Space car equals 100% awesome.

Our buddy Elvis, or Mike Edwards if you will, is a low-rent crop-duster pilot, out one plane because of his partner Danny's gambling problem. Headed to Seattle to find work, Mike and Danny hit up the World's Fair where they meet a little girl, Sue Lin, and a big girl, a nurse named Diane. Mike falls for both, trying to smooth talk Diane (with the help of 11-year-old Kurt Russel who one year later would star in Guns of Diablo with Charles Bronson) while he feeds Sue Lin cotton candy.

Mike strikes out on the grown one, but when Sue Lin's uncle disappears, he takes it upon himself to care for her until he is found. Already seemingly aware of the clueless idiocy of horny males at the age of 6, Sue Lin fakes an illness so that Diane will see how "tender" Mike really is.

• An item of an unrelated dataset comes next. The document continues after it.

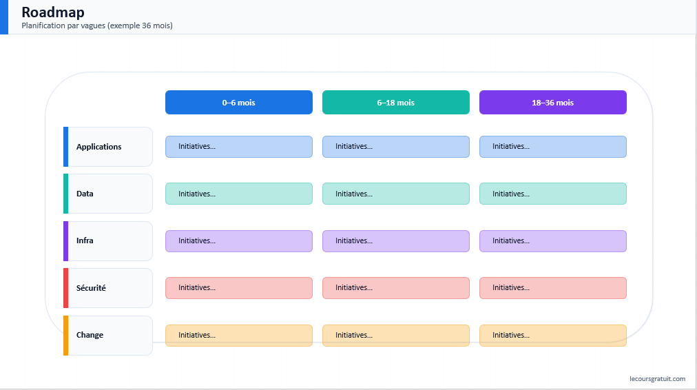 La roadmap n’est pas un Gantt “idéal”. Elle raconte une logique : fondations d’abord, accélération ensuite. Souvent, une trajectoire réussie suit trois vagues :

We of course already know the truth of this because of the cloyingly saccharine kiddie-Rock-and-Roll songs he keeps warbling.

Danny meanwhile has cooked up a shady deal for the guys to get their plane back for flying some "cargo" to Canada, and calls Child Protective Services to free up Mike for the job. (In my mind, this move really seals the deal on Danny who’s been threatening to go full frat-boy the whole movie, and right now, all I want is for him to break his back and be paralyzed for life from the neck down.) That kooky Sue Lin, she's cooked up a deal too, a sexy deal to get Diane and Mike together after all. In the end they go off and apply for jobs as "space nurse and space pilot". I'm guessing that that works out about as much as the plot: paper-thin and laughably naive. Oh how the past reeks of desperate and heady optimism.

Visit Seattle Center and you too can smell the burning electrical wires in the same luxurious monorail car that once carried the late King.

There is little more point to this than to legitimize the batter-dipped pan-fried hearty-ness of Mike's personality and his inevitable high-fructose, sing-song crystallization of the girl's and audiences sensibility. (Not to mention the socially distractive qualities of such flashy garbage). So thick, so incredibly thick that it cloys at the throat. All I needed to watch was one Elvis film to understand the decay and degradation of a public persona and the fickle, scummy, and fleeting surface fascination of the public.

Want my honest opinion? I can screech a love song or two myself, and if singing them to girls worked as fundamentally as it does for Elvis...well, that would be bad news for lots of people, least of all me.